It looks to me that the original code tried to minimize the number of divisions (and modulo's). This might have been because of the likes of, say, "ARMv7-A implementation that does not include the Virtualization Extensions" having SDIV and UDIV as optional in the profile and ARMv7-R only requiring such instructions for Thumb, not ARM. (Just examples, I've no general knowledge of the range of platform's status for such.)

Yes, but by doing a bunch of if's, which in turn kill performance, when the branch misses.

Try to compile the new code and look at the assembly.

I also wonder if factor or divisor or the like is intended to ever allowed to be negative in the use of %. (Some routines have signed types involved.) Checking C's language requirements for negatives involved in % operations could be important otherwise: If there is C implementation freedom, that could lead to variability in the results.

Looks like C89 was the last with "implementation defined" for / and % involving negative integers. After that: 7/3==2; 7%3==1; -7/3==-2; -7%3==-1; 7/-3==-2; 7/-3==1; -7/-3==2; -7%-3==-1. So / truncates towards zero and a%b==a-(a/b)*b when a/b is representable. Notably -7%3!=7%-3 and 7%3!=-7%-3 .

The divisor and modulus is always positive, but the result may be negative for signed operation, if the input value is negative, in my code.

Try to compile the new code and look at the assembly.

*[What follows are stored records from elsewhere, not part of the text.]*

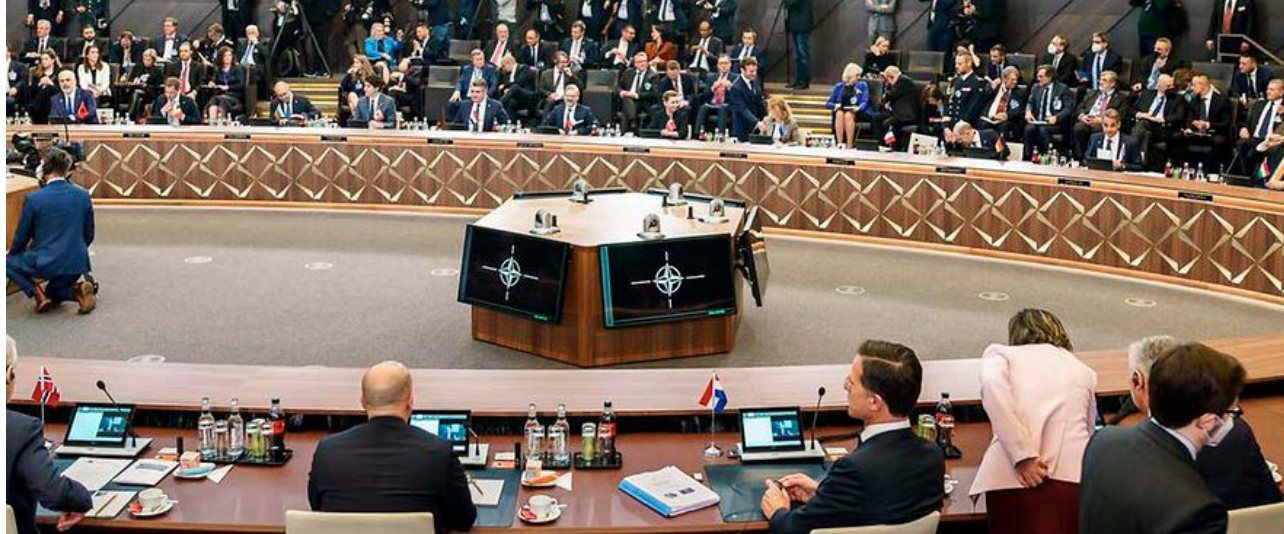
NATO extraordinary summit on the 22 March 2022

already started in 2021. In the past weeks German politicians have repeatedly underlined that the escalation in Ukraine should be a warning for the Western Balkans.
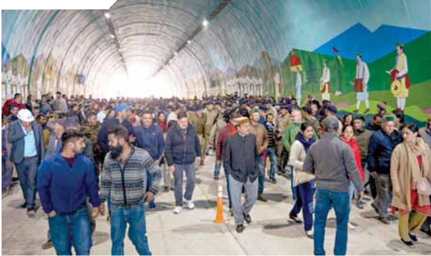
People take a look at newly constructed Sanjauli-Dhali tunnel in Shimla
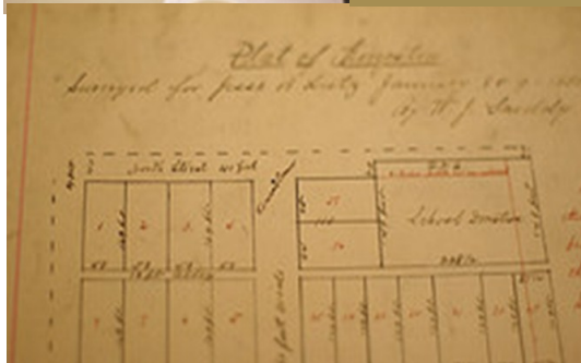
Below, Detail from the Plat Book
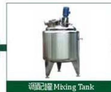
调配罐 Mixing Tank

You mean the calls for armv7 when I compile a copy your test program (and a locally patched time.h copy as ./time.h and the #include adjusted)? :

. . .
<main+0x50> bl 000209b0 <__aeabi_uldivmod>
. . .
<main+0x90> bl 000209b0 <__aeabi_uldivmod>
. . .
<main+0x124> bl        000209b0 <__aeabi_uldivmod>
. . .
<main+0x154> bl        000209b0 <__aeabi_uldivmod>
. . .
<main+0x1f0> bl        000209b0 <__aeabi_uldivmod>
. . .
<main+0x220> bl        000209b0 <__aeabi_uldivmod>
. . .

FYI: Using the system's normal time.h shows 3 such calls, not 6.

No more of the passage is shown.